Saturday, August 15, 2015

Lost in Oneness:

“For the first time in my life, I was able to think. I do not mean to think objectively or analytically, but rather to surrender thoughts to my surroundings……It is then that the Eternal speaks, that the mutations of the universe are apparent; the very atmosphere is filled with life and songs; the hills are resolved from mere masses of snow, ice and rocks into something living…..”

Frank Smythe and five other mountaineers coming down from the ascent of Kamet, had stumbled upon Nandan Kanan or Valley of Flowers in 1931. Later Frank Symthe had returned alone to stay in the valley for six to seven months and document the flowering species, a long enough time for him to be completely overwhelmed by nature and its beauty.

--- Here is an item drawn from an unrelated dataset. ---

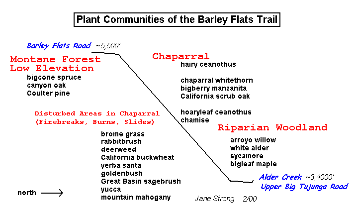 This community of plants is quite different from much of the rest of the San Gabriel Mountains. This is probably due to several factors: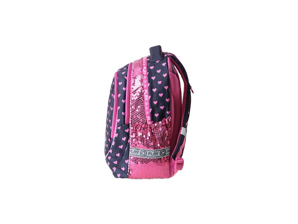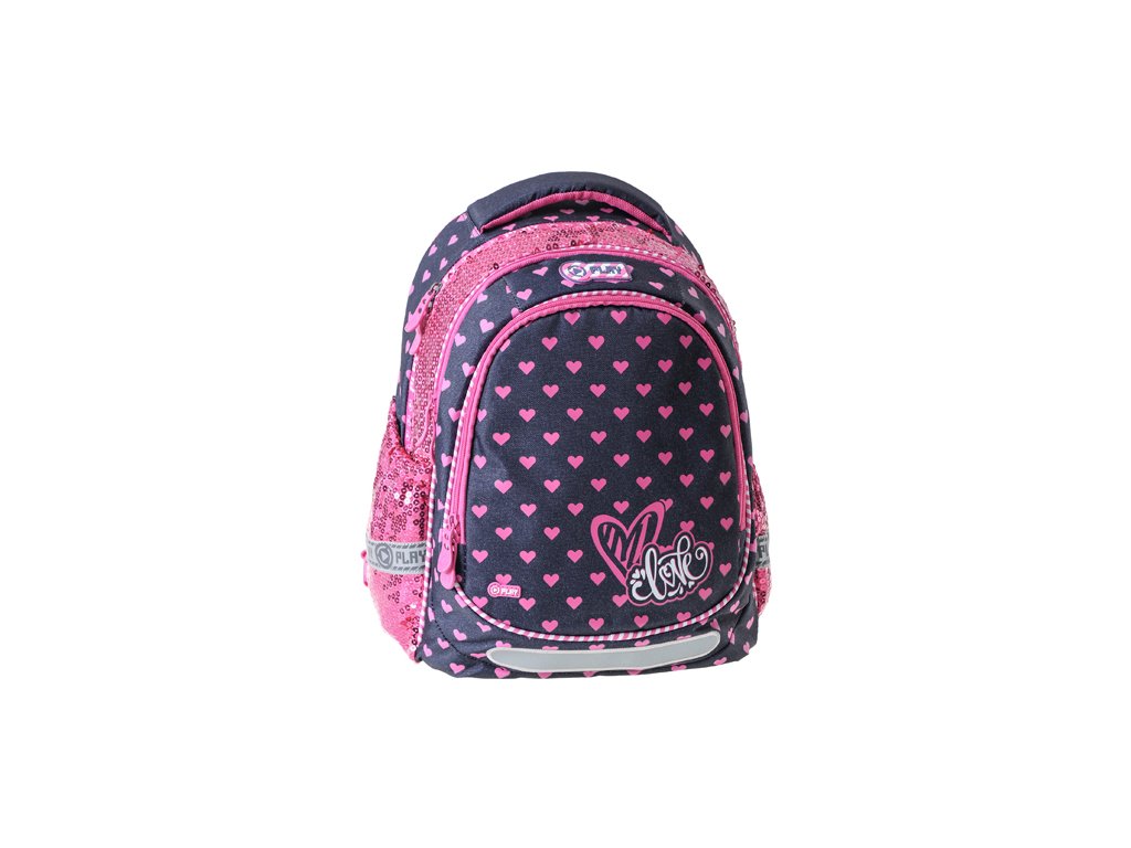Školní batoh Maxx Play, Love: • moderní design, polyesterový materiál / 600D • anatomicky tvarovaná záda pro snadnou cirkulaci vzduchu • dva přední nastavitelné popruhy • dvě horní rukojeti, plně lemované a pohodlné popruhy • reflexní pásy, které zvyšují viditelnost a bezpečnost v noci • vnitřní příčka s jednou velkou kapsou a elastickou gumou • dvě boční elastické kapsy • silné a stabilní dno • rozměry: 41x31x21 cm. Hmotnost: 920 g. Objem: 26 L.Doplňkové parametry

I envy the likes of him, of explorers, of yogis, of travelers of yore, who have seen and experienced nature like none of us will ever know now.  For now we can catch just mere glimpses of a deep sacredness or snatch moments of being completely alone – with yourself, with nature, with the divinity. That deep sacredness in marred and in a few decades will be forever gone. You may say that my soul has perhaps known this very sacredness through the millennia that I have lived, so why the envy.  

Yes, perhaps it was me, a warrior, standing on top of a craggy cliff with the angry waves dashing below, looking longingly at the horizon wondering where the horizon will lead him.

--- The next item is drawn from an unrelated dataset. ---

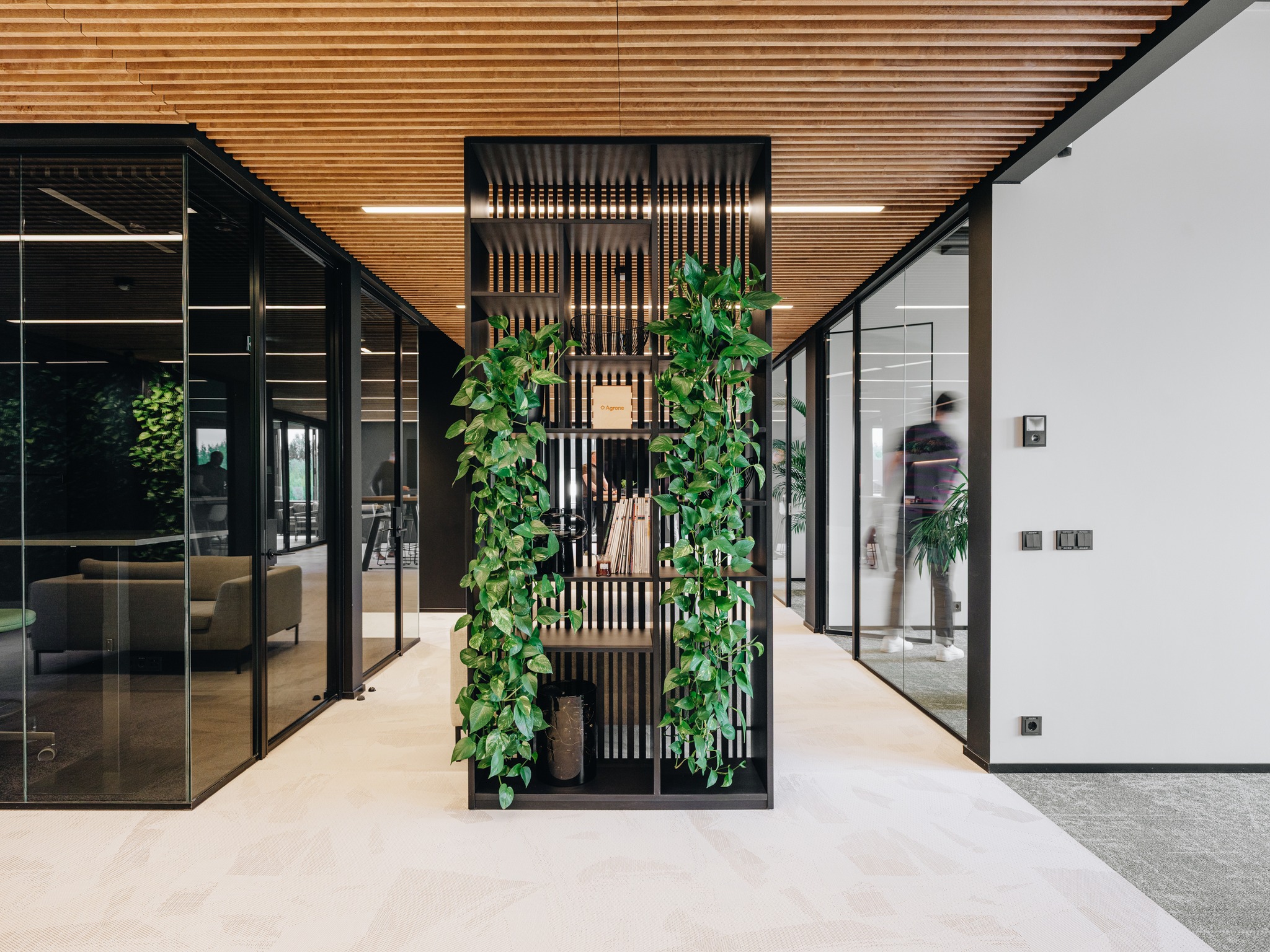 Agrone bränd on tihedalt seotud kogu Rohelise Pargi looga ja on selle eestkandjaks, mistõttu jäid ka siin fookusesse rohelised taimed, millele on taustaks eri materjalides sisse tulev must toon. Mustale vastukaaluks lookleb kogu kontoris hele vinüülsisalvaip, mis koos valguse peegeldustega toob sisse ebakorrapärast loodusele omast detailsust. Olulise materjalivalikuna annab puit ruumidesse soojust ja tasakaalustab tumeda osakaalu.

Perhaps it was me, a young prince with a restless soul riding hard on his favourite horse, eastwards to the mountains, to quench an unknown thirst.

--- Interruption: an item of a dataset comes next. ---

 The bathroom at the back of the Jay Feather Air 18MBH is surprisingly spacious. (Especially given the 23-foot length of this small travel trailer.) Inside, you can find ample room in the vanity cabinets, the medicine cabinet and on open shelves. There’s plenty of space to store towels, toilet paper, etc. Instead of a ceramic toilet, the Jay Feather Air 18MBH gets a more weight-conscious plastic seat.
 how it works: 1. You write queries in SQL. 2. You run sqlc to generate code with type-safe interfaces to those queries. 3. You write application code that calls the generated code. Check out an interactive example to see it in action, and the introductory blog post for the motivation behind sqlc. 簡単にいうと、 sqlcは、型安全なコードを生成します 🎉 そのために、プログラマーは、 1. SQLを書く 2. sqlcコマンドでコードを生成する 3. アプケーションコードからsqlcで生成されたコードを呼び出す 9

Perhaps it was me, a yogi, walking alone in a field of grass feeling the warmth of a golden sun; a feeling of happiness he had never known before.

So perhaps it is this sacredness, this connect with the eternal that has been the thread connecting all my lives, what my soul seeks, and what makes it worthwhile to even come back to again and again.

And that’s why it hurts the most when I see the elements desecrated.  I will perhaps come back, more out of necessity than desire.  But by then, the eternal will stop speaking; life will be filled with the here and now stretching on meaninglessly.  And in those every moments, there will always be that search for eternity.  The sacredness of life will be forgotten and the Soul will ultimately die.


Oneness – or Nirvana – either ways it will be.